Как же мы раздулись от гордости! Даже косвенная причастность к столь

великому событию была для нас невообразимой честью. А бедняжка Оливия...

надобно вам сказать, что уж если моя мать не верила в существование каких-то

предметов или явлений, даже самые неопровержимые доказательства не могли

поколебать ее неверия. Так, во-первых, она не верила, что человек, носящий

фамилию Гамильтон, может быть плохим, а во-вторых, не верила, что существуют

самолеты. То, что она не раз видела их собственными глазами, не играло ни

малейшей роли - она все равно не верила.

Вспоминая, на что она решилась, я пытаюсь представить себе, какие она

при этом испытывала чувства. Душа ее, вероятно, цепенела от ужаса, потому

что разве можно полететь на чем-то, чего не существует? Если бы самолетную

прогулку ей уготовили в виде наказания, это было бы жестоко и несколько

необычно, но в данном случае полет предлагался ей как награда, как премия и

почесть. Заглядывая в наши сияющие глаза, мать, должно быть, видела там

восторженное благоговение и понимала, что попалась в ловушку. Не полететь

значило обмануть ожидания семьи. Ее загнали в тупик, единственным достойным

выходом из которого была смерть. Раз уж она решилась подняться к небу в

несуществующем предмете, то, видимо, даже не помышляла остаться в живых.

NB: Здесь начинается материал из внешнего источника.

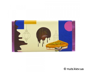 Ніжність шоколаду плавно поєднується з кремовою текстурою тахіні, а фісташки додають витонченого горіхового смаку. Завершує цю симфонію хрустке катаїфі, що дарує шоколаду унікальну текстуру та легкість.
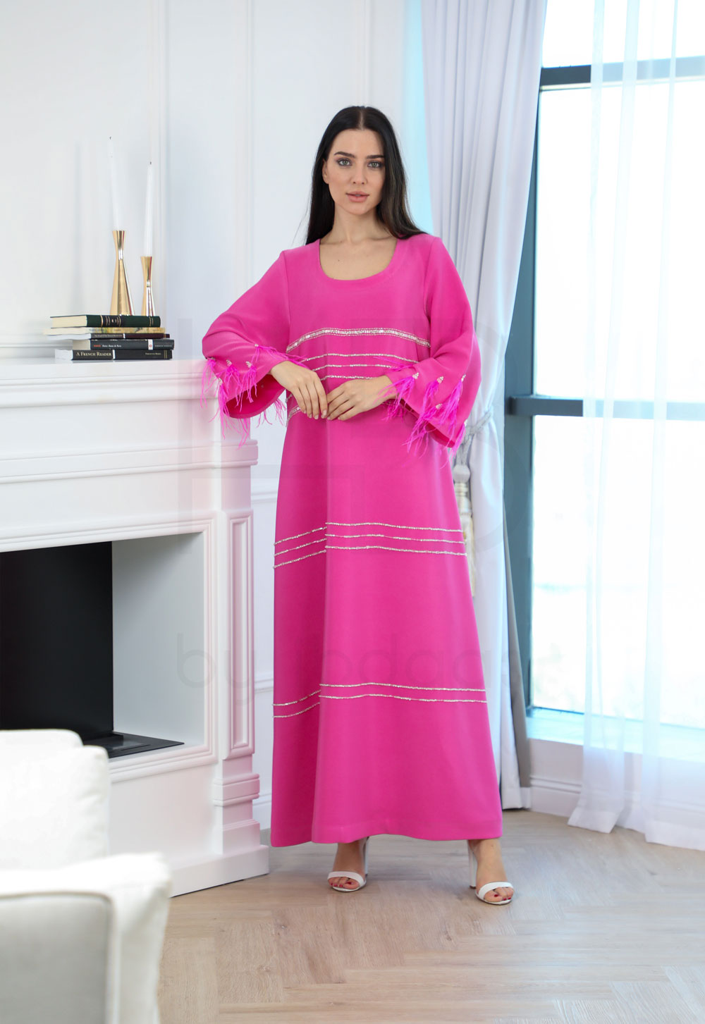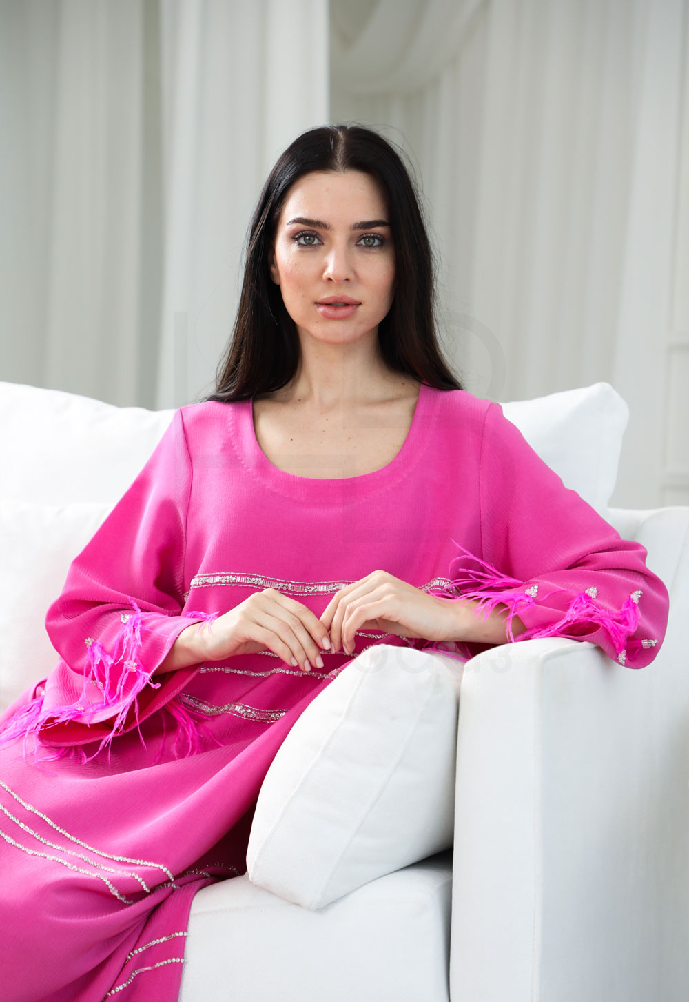 This striking kaftan features a vibrant fuchsia hue with a clean, modern silhouette enhanced by delicate embellishments. Horizontal bands of shimmering beadwork run across the chest and hem, adding texture and elegance to the design. The wide sleeves are adorned with soft, flowing tassels that create movement and a touch of playful charm.
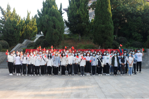 上午直播结束后,KY开元集团官网组织各团支部团员青年来到南山公园烈士陵园,向革命先烈致敬,把讲话精神内化于心,外化于行,将在大会上的所思所悟转化为实际行动。活动中,各团支部代表来到纪念碑前,向革命先烈献花,鞠躬默哀。纪念仪式结束后,同学们在烈士园陵前作青春宣誓,并摆出“20”字样,庆祝党的二十大胜利召开。“我宣誓,我将以青春之名,喜迎党的二十大,立志民族复兴,不负韶华,不负时代,不负人民,在青春的赛道上奋力奔跑,争取跑出当代青年的最好成绩!”同学们的宣誓铿锵有力,展示出新时代青年优秀的精神风貌,游客们驻足观看,被同学们的青春告白所打动,纷纷为同学们拍照点赞。

Оливия составила завещание - потратила на это немало времени и, чтобы

ее последняя воля имела законную силу, заверила документ у нотариуса. Затем

она открыла свою шкатулку красного дерева, где хранила письма мужа, начиная

с самых первых, написанных еще до помолвки. Оказывается, он писал ей стихи,

а мы и не подозревали. Разведя в плите огонь, она сожгла эти письма, все до

единого. Они были написаны ей, и она не желала, чтобы их прочел кто-то еще.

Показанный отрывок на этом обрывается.